[Exercise] Leave the pictures out, and transcribe the material below exactly from the line with "6月16日下午,南京艺术学院" to the line with "L'église à trois", both lines included.

[Provided data]
=== Section Start ===

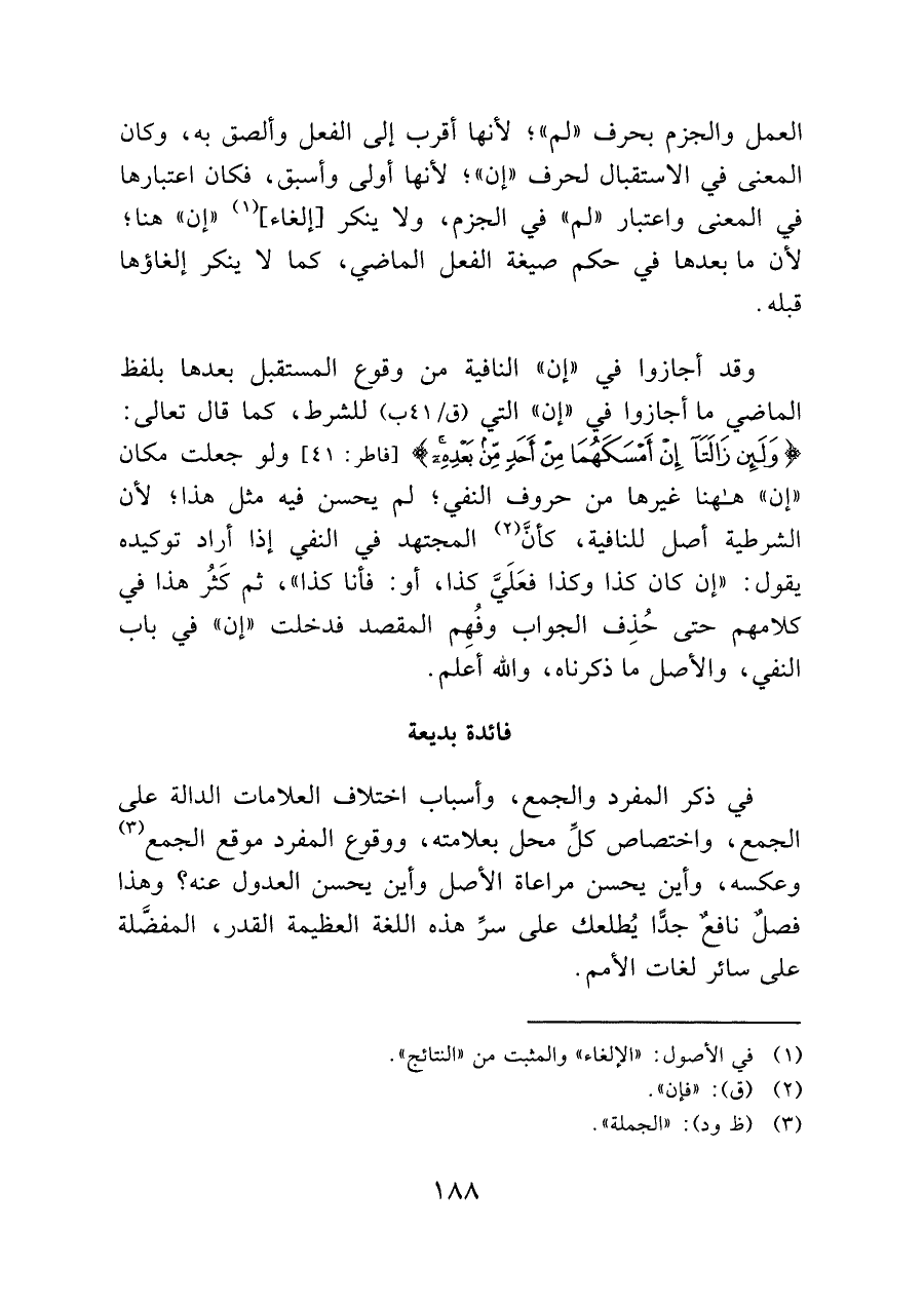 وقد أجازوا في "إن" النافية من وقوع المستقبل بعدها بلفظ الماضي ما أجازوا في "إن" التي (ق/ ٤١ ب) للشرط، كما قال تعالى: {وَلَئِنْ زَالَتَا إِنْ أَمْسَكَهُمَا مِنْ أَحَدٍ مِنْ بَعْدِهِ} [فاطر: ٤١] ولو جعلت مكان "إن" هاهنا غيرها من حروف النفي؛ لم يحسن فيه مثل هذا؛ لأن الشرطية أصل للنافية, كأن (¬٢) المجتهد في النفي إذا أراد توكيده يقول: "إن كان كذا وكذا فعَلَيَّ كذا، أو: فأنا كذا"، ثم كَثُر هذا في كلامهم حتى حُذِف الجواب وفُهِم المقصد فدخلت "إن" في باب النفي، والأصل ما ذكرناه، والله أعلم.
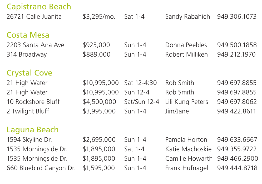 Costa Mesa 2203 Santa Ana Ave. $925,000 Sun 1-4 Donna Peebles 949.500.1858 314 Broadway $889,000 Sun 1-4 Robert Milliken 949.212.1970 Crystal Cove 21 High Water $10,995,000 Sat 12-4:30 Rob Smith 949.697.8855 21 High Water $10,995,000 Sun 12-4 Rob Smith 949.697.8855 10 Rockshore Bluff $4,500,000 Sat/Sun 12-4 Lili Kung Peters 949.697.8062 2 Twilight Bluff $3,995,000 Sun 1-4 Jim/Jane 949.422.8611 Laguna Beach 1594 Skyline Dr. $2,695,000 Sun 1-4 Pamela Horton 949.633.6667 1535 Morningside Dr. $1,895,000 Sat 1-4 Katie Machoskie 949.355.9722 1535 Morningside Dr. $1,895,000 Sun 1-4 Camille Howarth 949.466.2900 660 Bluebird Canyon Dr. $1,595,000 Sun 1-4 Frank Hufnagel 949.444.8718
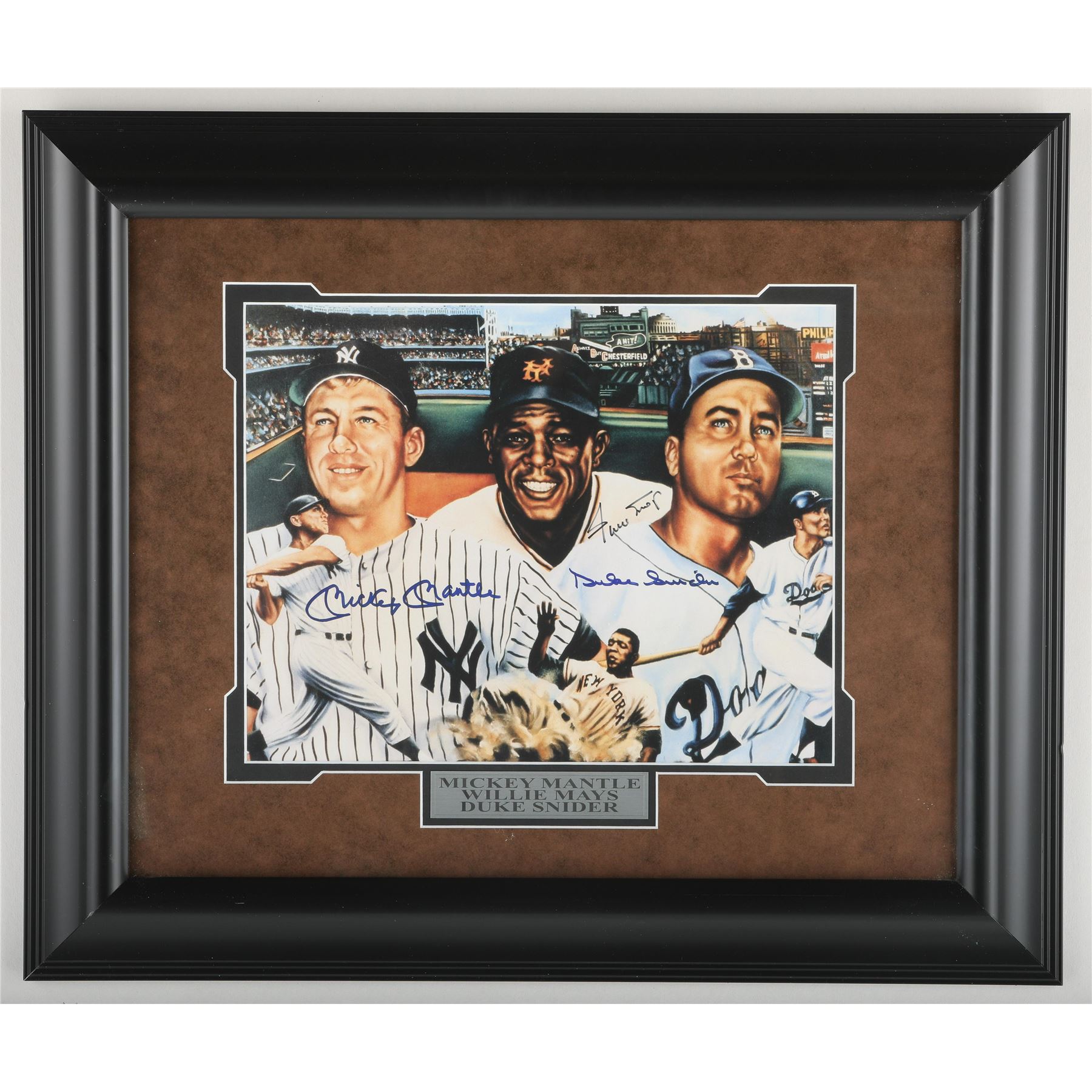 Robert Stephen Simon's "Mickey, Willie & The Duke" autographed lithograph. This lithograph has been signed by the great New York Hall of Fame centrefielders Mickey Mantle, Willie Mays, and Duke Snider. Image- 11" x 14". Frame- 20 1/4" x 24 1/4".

=== Section End ===
=== Section Start ===

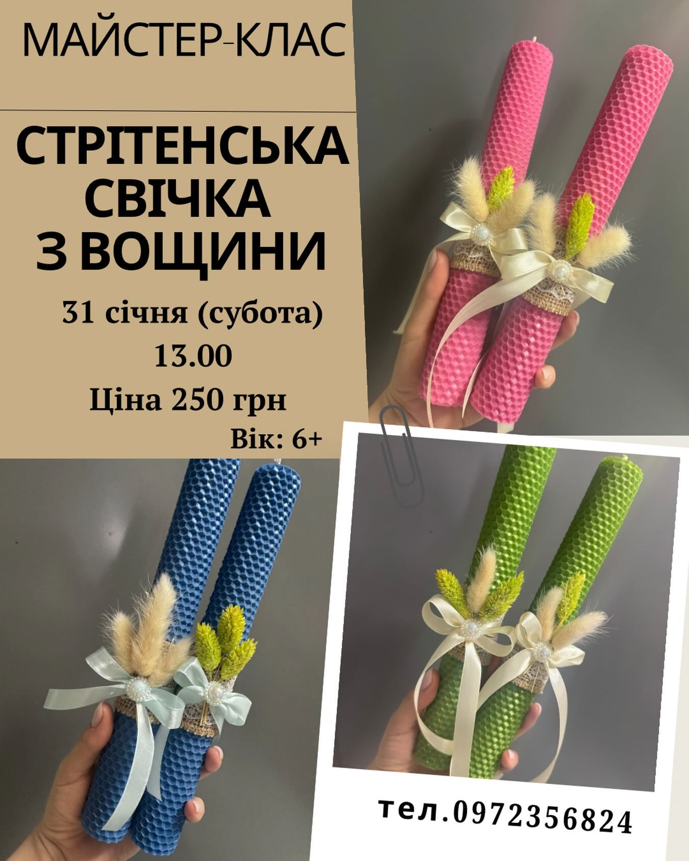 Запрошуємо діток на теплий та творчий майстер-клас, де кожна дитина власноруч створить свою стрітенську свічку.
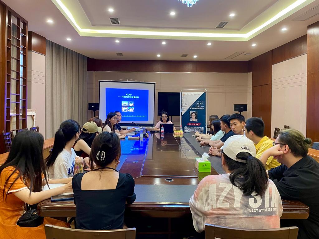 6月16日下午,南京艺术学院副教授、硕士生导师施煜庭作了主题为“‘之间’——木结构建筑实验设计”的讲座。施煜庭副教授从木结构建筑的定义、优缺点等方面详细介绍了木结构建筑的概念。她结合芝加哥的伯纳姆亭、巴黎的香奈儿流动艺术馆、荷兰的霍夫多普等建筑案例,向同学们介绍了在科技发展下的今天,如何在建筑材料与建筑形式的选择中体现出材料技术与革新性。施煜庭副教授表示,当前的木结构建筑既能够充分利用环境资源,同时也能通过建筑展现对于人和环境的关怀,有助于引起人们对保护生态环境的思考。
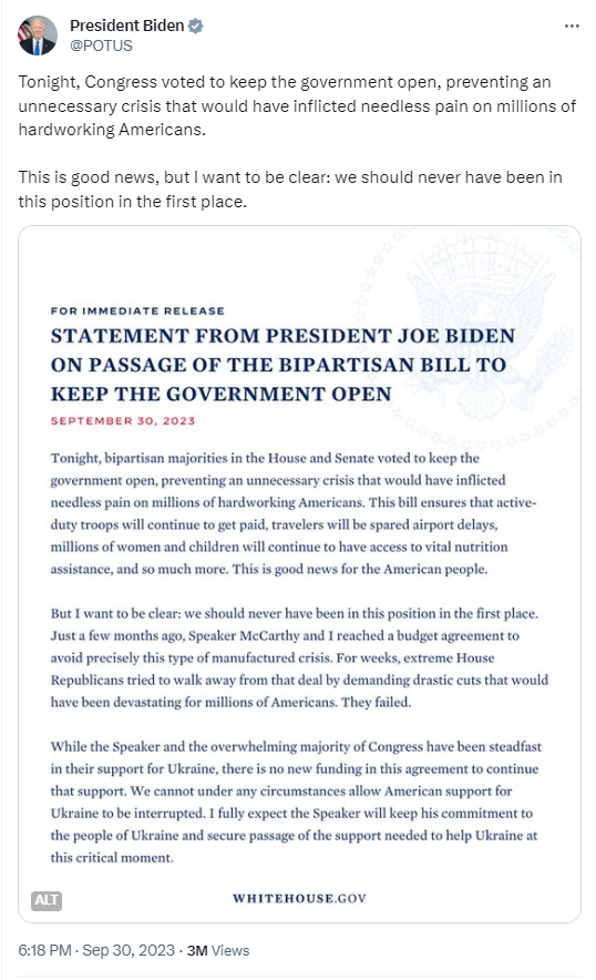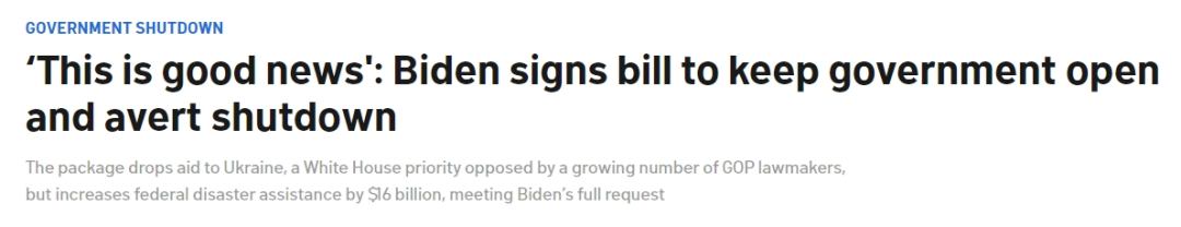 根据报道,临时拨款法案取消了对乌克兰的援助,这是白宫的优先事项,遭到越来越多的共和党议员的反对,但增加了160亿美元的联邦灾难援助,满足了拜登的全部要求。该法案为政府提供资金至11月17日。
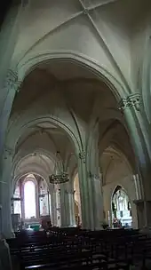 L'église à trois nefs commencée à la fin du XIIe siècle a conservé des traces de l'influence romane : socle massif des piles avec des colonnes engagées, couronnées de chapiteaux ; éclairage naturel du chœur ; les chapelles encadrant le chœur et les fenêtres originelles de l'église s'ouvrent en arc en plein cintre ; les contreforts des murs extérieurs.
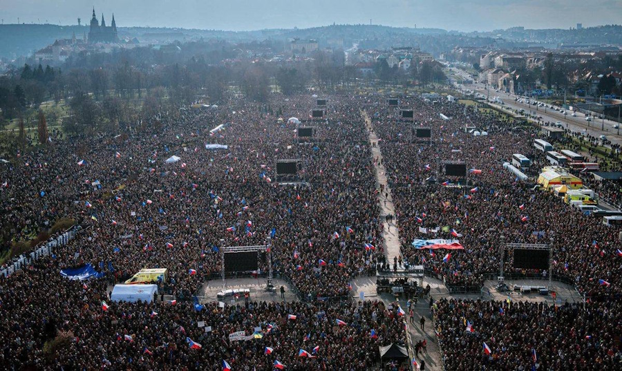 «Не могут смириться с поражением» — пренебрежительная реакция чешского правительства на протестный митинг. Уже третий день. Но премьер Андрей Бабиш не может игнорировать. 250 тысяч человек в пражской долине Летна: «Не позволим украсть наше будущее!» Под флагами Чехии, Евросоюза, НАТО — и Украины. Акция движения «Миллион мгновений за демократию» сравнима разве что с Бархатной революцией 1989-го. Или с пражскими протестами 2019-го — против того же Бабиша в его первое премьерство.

=== Section End ===
=== Section Start ===

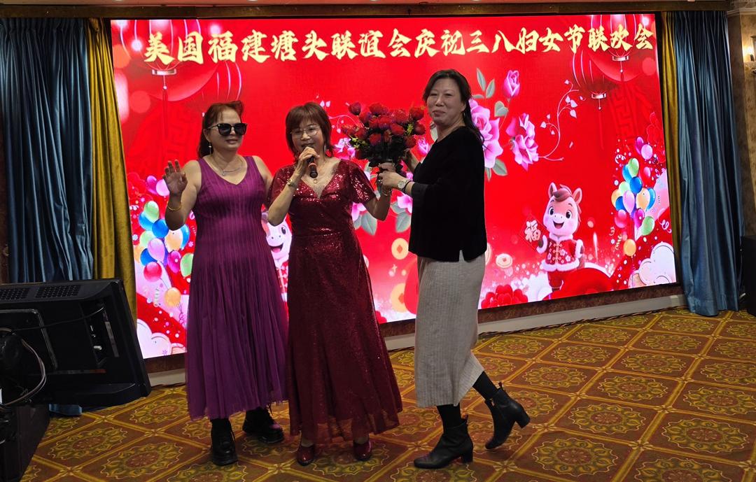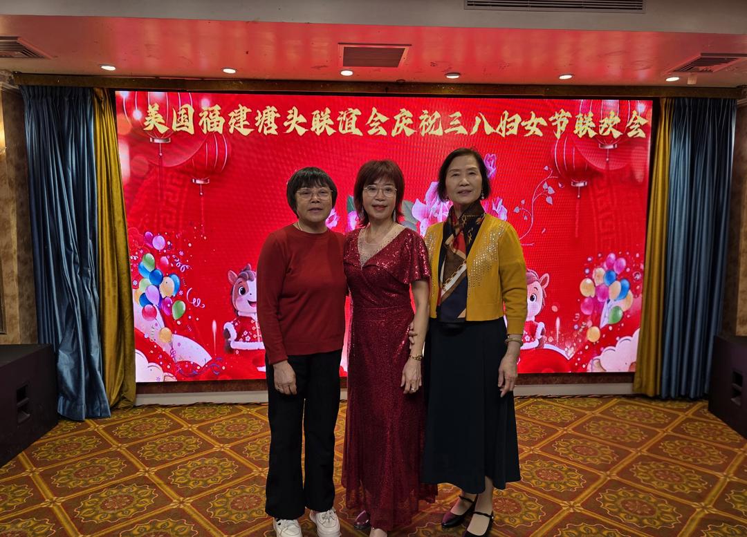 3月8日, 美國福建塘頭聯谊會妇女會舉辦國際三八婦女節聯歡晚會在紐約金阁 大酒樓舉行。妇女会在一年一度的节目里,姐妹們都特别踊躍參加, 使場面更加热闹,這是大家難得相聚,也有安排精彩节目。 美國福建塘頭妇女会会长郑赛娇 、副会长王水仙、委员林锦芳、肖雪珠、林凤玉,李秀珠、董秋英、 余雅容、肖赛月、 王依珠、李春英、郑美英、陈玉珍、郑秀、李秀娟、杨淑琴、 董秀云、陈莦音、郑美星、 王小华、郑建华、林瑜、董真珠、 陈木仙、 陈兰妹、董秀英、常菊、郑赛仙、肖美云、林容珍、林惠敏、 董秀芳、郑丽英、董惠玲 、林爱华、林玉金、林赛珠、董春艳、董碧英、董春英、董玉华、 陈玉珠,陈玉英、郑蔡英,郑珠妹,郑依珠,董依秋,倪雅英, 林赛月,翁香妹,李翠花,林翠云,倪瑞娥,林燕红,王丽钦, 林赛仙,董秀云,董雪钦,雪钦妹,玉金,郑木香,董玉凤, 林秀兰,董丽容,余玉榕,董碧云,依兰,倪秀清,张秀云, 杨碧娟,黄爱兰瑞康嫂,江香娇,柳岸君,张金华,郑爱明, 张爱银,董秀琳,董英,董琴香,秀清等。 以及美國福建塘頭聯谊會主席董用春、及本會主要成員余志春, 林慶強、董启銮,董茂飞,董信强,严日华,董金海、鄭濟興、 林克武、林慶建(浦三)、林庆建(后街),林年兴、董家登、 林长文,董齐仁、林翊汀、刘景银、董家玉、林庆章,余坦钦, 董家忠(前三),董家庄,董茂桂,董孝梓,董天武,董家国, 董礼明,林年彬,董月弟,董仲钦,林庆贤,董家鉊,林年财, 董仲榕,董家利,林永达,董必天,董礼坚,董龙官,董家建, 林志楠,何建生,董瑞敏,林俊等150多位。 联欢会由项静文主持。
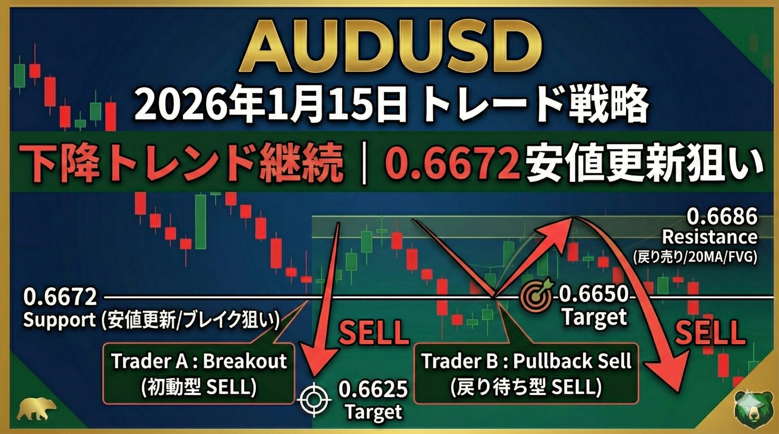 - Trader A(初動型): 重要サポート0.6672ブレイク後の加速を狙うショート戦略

=== Section End ===

[Expected output]
 6月16日下午,南京艺术学院副教授、硕士生导师施煜庭作了主题为“‘之间’——木结构建筑实验设计”的讲座。施煜庭副教授从木结构建筑的定义、优缺点等方面详细介绍了木结构建筑的概念。她结合芝加哥的伯纳姆亭、巴黎的香奈儿流动艺术馆、荷兰的霍夫多普等建筑案例,向同学们介绍了在科技发展下的今天,如何在建筑材料与建筑形式的选择中体现出材料技术与革新性。施煜庭副教授表示,当前的木结构建筑既能够充分利用环境资源,同时也能通过建筑展现对于人和环境的关怀,有助于引起人们对保护生态环境的思考。
 根据报道,临时拨款法案取消了对乌克兰的援助,这是白宫的优先事项,遭到越来越多的共和党议员的反对,但增加了160亿美元的联邦灾难援助,满足了拜登的全部要求。该法案为政府提供资金至11月17日。
 L'église à trois nefs commencée à la fin du XIIe siècle a conservé des traces de l'influence romane : socle massif des piles avec des colonnes engagées, couronnées de chapiteaux ; éclairage naturel du chœur ; les chapelles encadrant le chœur et les fenêtres originelles de l'église s'ouvrent en arc en plein cintre ; les contreforts des murs extérieurs.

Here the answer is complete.